Virtual High School: Education on Demand

A pioneering effort of the Hudson School District and the Concord Consortium of Massachusetts allows students from around the world to schedule classes at their convenience in subjects not offered at their local school. Read the article.
Transcript

Virtual High School: Education on Demand (Transcript)

Narrator: While most of her fellow students are hitting the books at 10:00 A.M. Zoey McNealy is pursuing gold medal dreams. She can do much of her school work any time of the day or night thanks to the online offerings of Virtual High School.

Nancy Eddy: Zoey's been doing the VH classes since she was a freshman at Hudson High School, and it really made the schedule for her skating much better because the after-school skating ice is so much more crowded than the daytime skating ice so it allowed her to leave school during the day so that she could skate on an ice surface that didn't have 20 children skating on it.

Zoe McNealy: In tenth grade I took a writing class and a Holocaust class. And then this year I took Personal Finance and now I'm taking Honors Environmental Science. So I can log on anywhere that has Internet access so it allows me to either access the work at competitions or I can access it when I come home and get the work done that I missed without really missing anything.

Narrator: Virtual High School is a nonprofit collaborative of over 300 high schools in 26 states and 16 foreign countries that offers more than 150 high school courses over the Internet. Each participating school contributes a course to the mix.

Liz Pape: They agree to free up a teacher one period a day to teach a course online and VHS provides the training services for that classroom teacher to learn how to effectively teach online.

I think a really critical element of a good online course is the ability to build a community of learners in that course. We design our courses so that the students are engaged in online activities, they're engaged in online collaboration through group projects. These students are gaining the information and communication technology literacy skills that they're going to need, not only to do well in high school but to do well in college and to do well in the workforce.

Narrator: Virtual High School Cofounder Shelly Berman sees VHS as a way to take learning to the next level.

Shelly Berman: We've had a concept here that we wanted to provide opportunities for students to take advanced courses, to take specialized courses, to try to accelerate their learning whether they are having significant challenges in the classroom, or whether they're very advanced and can move rapidly through material.

Zubin Patel: This is almost like a textbook. All of my controls are here.

Narrator: For Zubin Patel VHS means taking advanced computer science courses like cryptography at home.

Zubin Patel: The VHS basically allows me to take these courses that aren't offered at school. It means extra work. It means staying up some nights until 3:00 in the morning doing readjust work but you have to do what you have to do.

Narrator: For special needs student Katherine Hoar, VHS means learning how to learn.

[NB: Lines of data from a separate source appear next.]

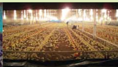
Vista interna de um galpão convencional, do lado direito vista interna de um galpão semi dark house.

ingerido pelas aves. Esses novos galpões denominados pela BOAV de "Semi Dark House" tratam-se de ambientes totalmente controlados por um painel central, que fazem uso de exaustores para renovação do ar, e de bebedouros do tipo nipple disponibilizando uma água de melhor
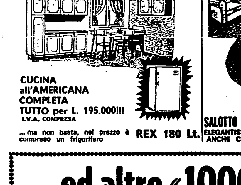
CUCINA all'AMERICANA COMPLETA TUTTO PER L. 195.000!!! I.V.A. COMPRESA
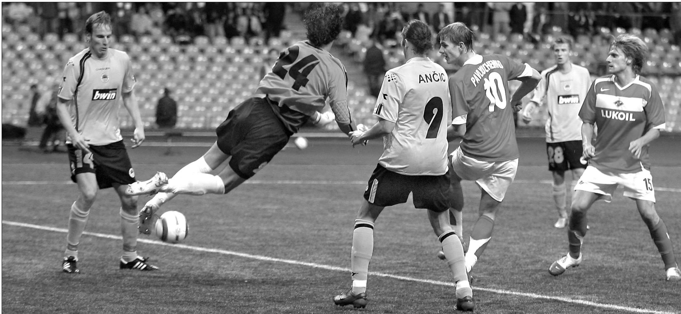
Вчера. Москва. Лужники. «Спартак» - «Слован» - 2:1.
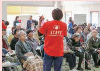
▲介護の講演の様子

■内容 イベントは、介護の講演、飲食ブース、健康ブース、体験ブース等を設け、様々な方が楽しめるように参加団体と企画しております。認知症の理解や地域の方とのコミュニティーの場を提供できるように努めて参りますので、皆様のご来場をお待ちしております。
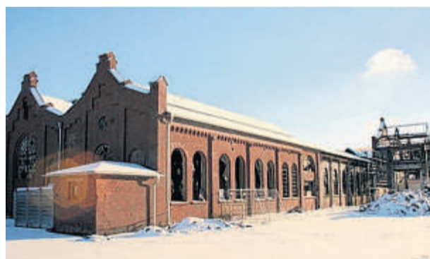
Restaurationsarbeit für Jahre: die Alte Dreherei.
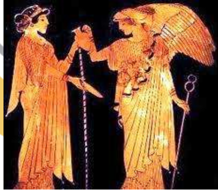
Tanrı Hera ve İris

Bir başka öyküye geçelim. Tanrıların yalanını ortaya çıkaran kanatlı bir melek olarak betimlenen İris , mitolojide gökkuşağının sembolüdür. Yağmurdan sonraya ortaya çıkan 7 rengin oluşturduğu, göğü yere bağlayan gökkuşağının yani "ebegümecinin" sembolüdür İris. Gözün rengini veren tabakaya, gökkuşağında oluşan renkler cümbüşü ile farklı renklerde oluşan göz renkleri ile kurulan benzerlikten dolayı iris tabakası adı verilmiştir.
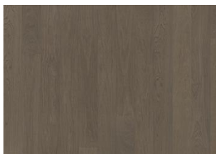
Faded Black 1S Wide
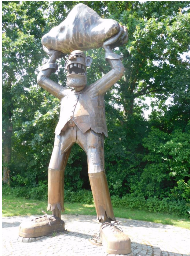
Abb. 2: Der Riese von Ulsnis
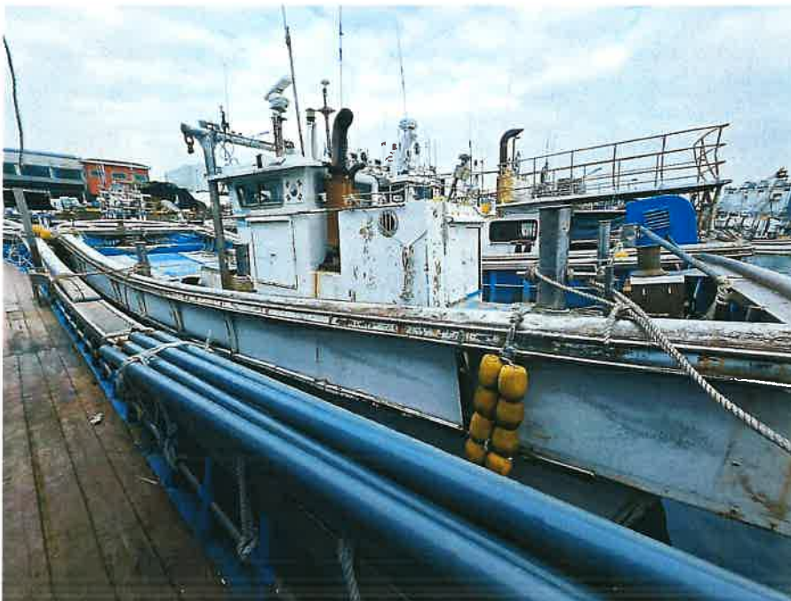
본건 선박 전경
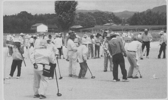
【最後だよ、よくならって!】

Katherine Hoar: I write slower than I talk like I think about it faster in my head than I write it. On a computer I type faster than can- I type fast so it gets all my ideas out faster that way and I can spellcheck and make sure my punctuation is correct and make sure that there isn't any missed words in a sentence because I notice I have a lot of that.

Narrator: For Hudson's Music Program Director, Jason Caron, VHS meant learning a new way of teaching. He took the virtual school's 15-week teacher training covering subjects like how to foster online discussions before developing his own VHS course in American Popular Music.

Jason Caron: The students get two compact discs with excerpts of music and they also get a videotape. Their job is to listen to that music or watch the video, and then discuss with their online classmates what they listened to and what they saw. The tone in our voice doesn't get transmitted over the Internet connection. So you have to have to be very careful with wording and really spell out your expectations and that's, you know, the hindrance I guess of being disconnected from the students physically. But a lot of it is quite the same too. You build collaborative projects, you do a lot of community building activities to try to find the sense of the class and the personality of the individuals in the class too.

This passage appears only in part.